● **Input data**:
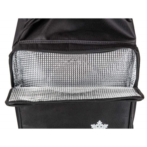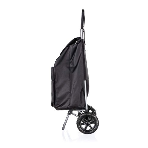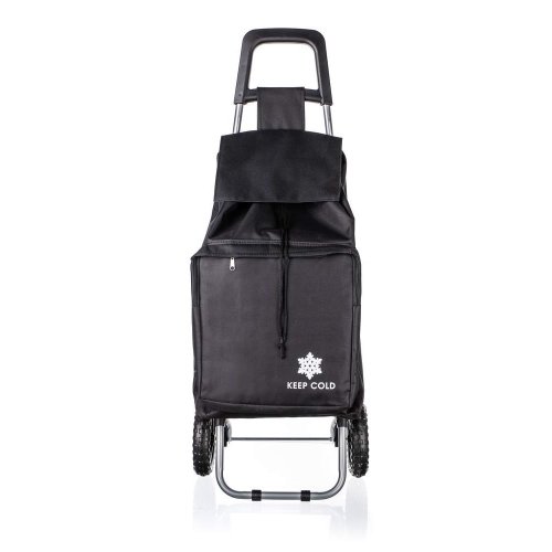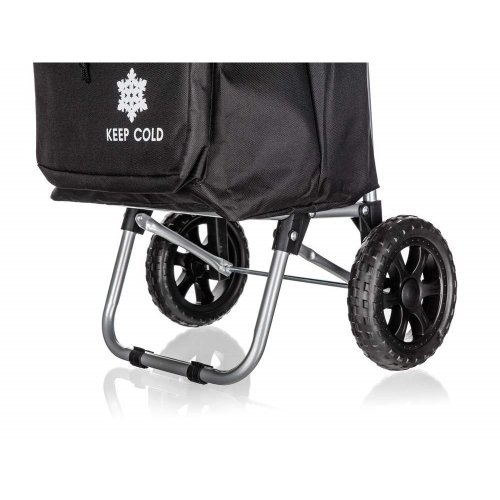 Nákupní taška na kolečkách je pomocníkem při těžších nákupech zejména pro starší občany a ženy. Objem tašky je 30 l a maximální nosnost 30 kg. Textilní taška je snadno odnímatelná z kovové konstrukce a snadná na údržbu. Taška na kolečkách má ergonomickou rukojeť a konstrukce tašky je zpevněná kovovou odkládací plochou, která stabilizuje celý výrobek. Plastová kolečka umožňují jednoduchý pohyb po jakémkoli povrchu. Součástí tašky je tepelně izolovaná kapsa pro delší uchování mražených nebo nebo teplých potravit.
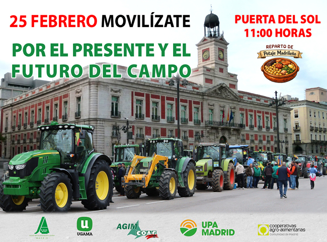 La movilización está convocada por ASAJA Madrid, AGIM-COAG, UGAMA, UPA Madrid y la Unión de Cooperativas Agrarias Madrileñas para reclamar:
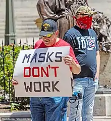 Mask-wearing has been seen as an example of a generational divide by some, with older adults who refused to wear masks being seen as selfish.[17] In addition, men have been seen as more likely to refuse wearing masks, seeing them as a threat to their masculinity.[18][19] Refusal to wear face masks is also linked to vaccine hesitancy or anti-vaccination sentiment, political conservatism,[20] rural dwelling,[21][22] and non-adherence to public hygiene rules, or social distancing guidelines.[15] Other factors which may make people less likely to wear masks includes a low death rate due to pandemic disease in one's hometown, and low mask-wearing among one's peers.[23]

● **Problem statement**:
Text only, please: give the listing again word for word with no images.

● **Completed task**:
 Nákupní taška na kolečkách je pomocníkem při těžších nákupech zejména pro starší občany a ženy. Objem tašky je 30 l a maximální nosnost 30 kg. Textilní taška je snadno odnímatelná z kovové konstrukce a snadná na údržbu. Taška na kolečkách má ergonomickou rukojeť a konstrukce tašky je zpevněná kovovou odkládací plochou, která stabilizuje celý výrobek. Plastová kolečka umožňují jednoduchý pohyb po jakémkoli povrchu. Součástí tašky je tepelně izolovaná kapsa pro delší uchování mražených nebo nebo teplých potravit.
 La movilización está convocada por ASAJA Madrid, AGIM-COAG, UGAMA, UPA Madrid y la Unión de Cooperativas Agrarias Madrileñas para reclamar:
 Mask-wearing has been seen as an example of a generational divide by some, with older adults who refused to wear masks being seen as selfish.[17] In addition, men have been seen as more likely to refuse wearing masks, seeing them as a threat to their masculinity.[18][19] Refusal to wear face masks is also linked to vaccine hesitancy or anti-vaccination sentiment, political conservatism,[20] rural dwelling,[21][22] and non-adherence to public hygiene rules, or social distancing guidelines.[15] Other factors which may make people less likely to wear masks includes a low death rate due to pandemic disease in one's hometown, and low mask-wearing among one's peers.[23]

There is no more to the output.